Dan apakah mereka
tidak merenungkan bahwa teman mereka (Muhammad) tidak gila. Dia (Muhammad)
tidak lain hanyalah seorang pemberi peringatan yang jelas. (QS 7: 184)
Al-Qur’an merupakan pusat spiritualitas umat islam. Di sana
mereka tidak hanya mengenal Allah yang diimani dan disembah, tetapi juga
mendapatkan pedoman dan tuntunan hidup yang akan menghantar mereka ke surga. Al-Qur’an
biasa dijadikan rujukan umat islam untuk bersikap dan bertindak dalam hidup
keseharian, selain hadis. Umat islam menyakini Al-Qur’an langsung berasal dari
Allah SWT kepada nabi Muhammad
SAW. Keyakinan ini didasarkan pada
pernyataan Allah sendiri, yang dapat dibaca dalam beberapa surah Al-Qur’an. Jadi, Allah sendiri telah menyatakan bahwa Al-Qur’an merupakan
perkataan-Nya, sehingga
ia dikenal juga sebagai kalam Allah. Karena itu, Al-Qur’an dihormati sebagai sesuatu yang suci, karena Allah sendiri adalah mahasuci. Pelecehan terhadap Al-Qur’an sama saja dengan pelecehan kepada Allah atau penyerangan
terhadap keluhuran Allah. Orang yang melakukan hal itu harus dihukum berat
dengan cara dibunuh atau disalib, atau dipotong tangan
dan kaki mereka secara silang (QS al-Maidah: 33).
Selain
itu juga umat islam melihat Al-Qur’an sebagai keterangan
dan pelajaran yang jelas. Ini juga didasarkan pada perkataan Allah sendiri.

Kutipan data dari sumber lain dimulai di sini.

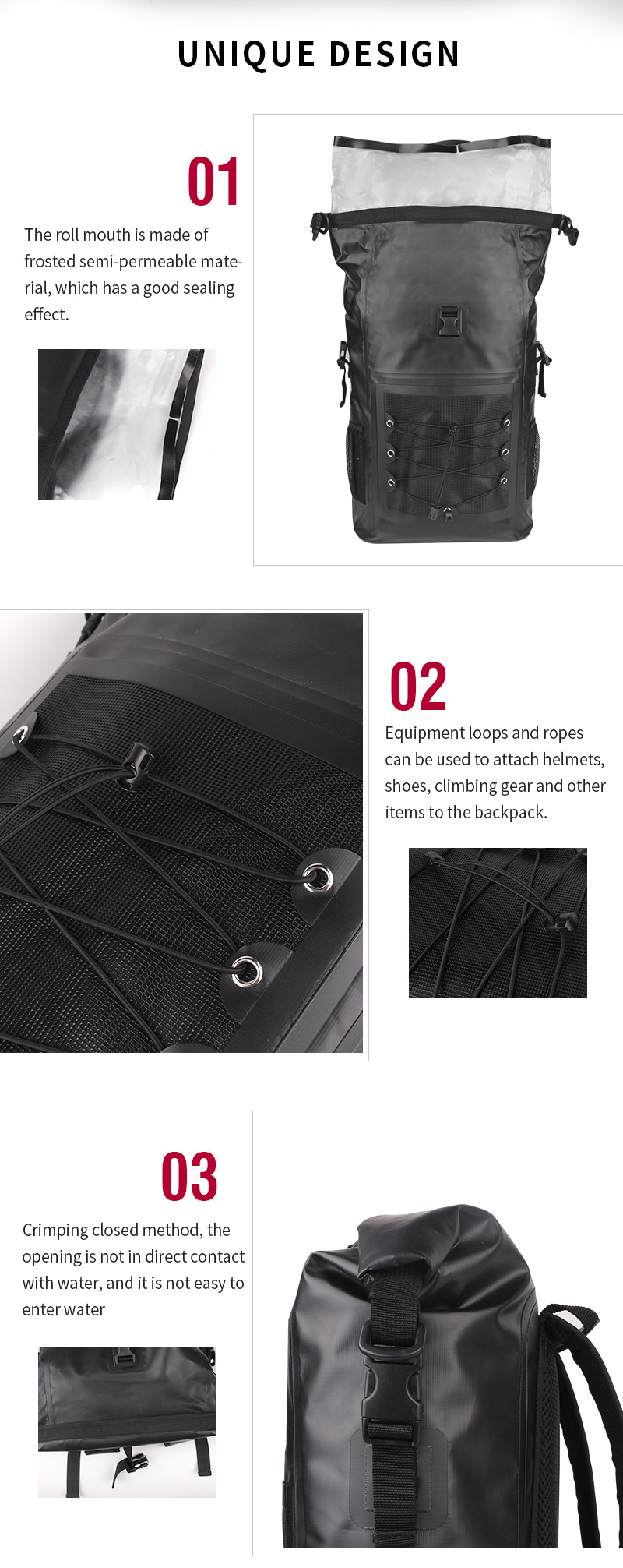 | Velisa igama | Ukukhwela isikhephe ngoBhaka ongangenwa ngamanzi, ibhegi yeCamping Backpack, uBhaka wesiNtu ongangenwa ngamanzi |

Allah telah mengatakan bahwa diri-Nya telah memudahkan ayat-Nya sehingga umat
dapat dengan mudah memahami. Sebagai pedoman dan penuntun jalan hidup, Allah
memberikan keterangan dan pelajaran yang jelas sehingga mudah dipahami oleh
umat islam. Tak sedikit ulama menafsirkan kata “jelas” di sini dengan sesuatu
yang telah terang benderang sehingga tak perlu susah-susah menafsirkan lagi
pesan Allah itu. Dengan perkataan lain, perkataan Allah itu sudah jelas makna
dan pesannya, tak perlu lagi ditafsirkan. Maksud dan pesan Allah sesuai dengan
apa yang tertulis dalam Al-Qur’an. Seandainya
pun tidak persis seperti yang tertulis, tapi maknanya tak jauh beda dengan apa yang tertulis.

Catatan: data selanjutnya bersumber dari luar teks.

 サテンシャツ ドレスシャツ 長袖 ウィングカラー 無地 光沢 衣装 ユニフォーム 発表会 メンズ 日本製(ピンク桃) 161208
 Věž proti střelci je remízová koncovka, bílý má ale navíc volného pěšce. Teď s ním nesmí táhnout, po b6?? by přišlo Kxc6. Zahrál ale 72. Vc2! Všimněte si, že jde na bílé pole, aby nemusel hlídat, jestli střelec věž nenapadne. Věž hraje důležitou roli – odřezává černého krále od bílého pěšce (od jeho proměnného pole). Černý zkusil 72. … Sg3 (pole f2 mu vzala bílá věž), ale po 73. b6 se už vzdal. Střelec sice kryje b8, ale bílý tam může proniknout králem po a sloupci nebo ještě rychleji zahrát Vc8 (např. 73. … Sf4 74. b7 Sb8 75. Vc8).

Penafsiran atas wahyu Allah yang berbeda bisa berdampak pada ketidak-sesuaian
dengan kehendak Allah sendiri.
Berangkat
dari dua premis di atas, maka bisalah dikatakan bahwa kutipan ayat Al-Qur’an di atas merupakan kata-kata Allah sendiri. Memang
harus diakui juga bahwa apa yang tertulis itu tidaklah sepenuhnya merupakan
perkataan Allah. Kata ‘Muhammad’ yang ada dalam tanda kurung (2 kali) merupakan
tambahan kemudian yang berasal dari tangan-tangan manusia. Artinya, kata
tersebut tidak pernah diucapkan Allah saat Dia menyampaikan wahyu ini kepada
Muhammad. Melihat dan membaca teks di atas, orang langsung menemukan pembenaran
wahyu Allah, yaitu wahyu Allah jelas dan mudah. Dengan sangat mudah orang
menafsirkan kalimat Allah di atas sebagai berikut: “Muhammad itu tidak gila dan
hanya seorang pemberi peringatan yang jelas.” Sangat sederhana.

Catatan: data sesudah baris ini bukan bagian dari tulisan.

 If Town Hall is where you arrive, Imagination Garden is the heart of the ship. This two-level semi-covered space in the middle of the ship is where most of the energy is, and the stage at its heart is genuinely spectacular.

Akan tetapi, kalau kita menempatkan kutipan kalimat di atas pada konteksnya, maka langsung ditemukan keanehan dan masalah. Konteks wahyu Allah dalam Al-Qur’an adalah Allah berbicara dan Muhammad mendengar. Allah menyampaikan wahyu-Nya hanya kepada Muhammad. Jadi, ketika Allah menyampaikan kutipan ayat di atas, Muhammad adalah lawan bicaranya. Karena itu, secara logika dan juga secara linguistik, tafsiran bahwa yang tidak gila dan sebagai pemberi peringatan itu Muhammad adalah salah besar. Menafsirkan dengan Muhammad itu berarti tidak sesuai dengan kehendak Allah, karena bukan itu maksud Allah. Dapat dipastikan yang tidak gila dan sebagai pemberi peringatan itu bukanlah Muhammad. Jika yang dimaksud itu adalah Muhammad, seharusnya Allah berkata, “Dan apakah mereka tidak merenungkan bahwa engkau tidak gila. Engkau tidak lain hanyalah seorang pemberi peringatan yang jelas.”